Site Drainage

After reading about the site drainage requirements (6 inches slope in the first 10 feet from the house) I immediately questioned if that was the standard in my area. So I took a few drives looking at houses to confirm my suspicions. More than half are not even close to this much slope and on most it does not even look attainable.

I am wondering how this should be handled. I am thinking it is not an issue here with our mostly slab on grade construction and our very sandy soil as long as water does not pool next to the house.
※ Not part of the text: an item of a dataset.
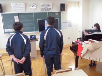 5校時、3年生は音楽。自宅待機のクラスメイトと、「リモート配信」でつながりながら授業を進めていました。

You pretty much hit that on the head.
The minimum slope recommended is 2% grade.
You have to use common sense, for instance;
If you inspected this week and there were multiple days of rain and you discover a low slope grade away from the exterior wall system with NO STANDING water or sloshy soils then that most likely indicated good percolation. Now you can guess the opposite.
If the strata has silt, clay or other material that retards percolation than that might be an issue.
This can cause footer and foundation issues on a SOG also this will cause a stacking affect that has to wait until the surrounding soils drain to allow the water to drain.
Think of heavy rains on a site that has moderate pipe size for inlets and the water pools waiting for the water to drain in the piping system to whatever retention of canal drainage it is using.
BTW, it is not common to find 6" in ten feet in my areas. Many times there is not that much horizontal allowance to residences to allow that.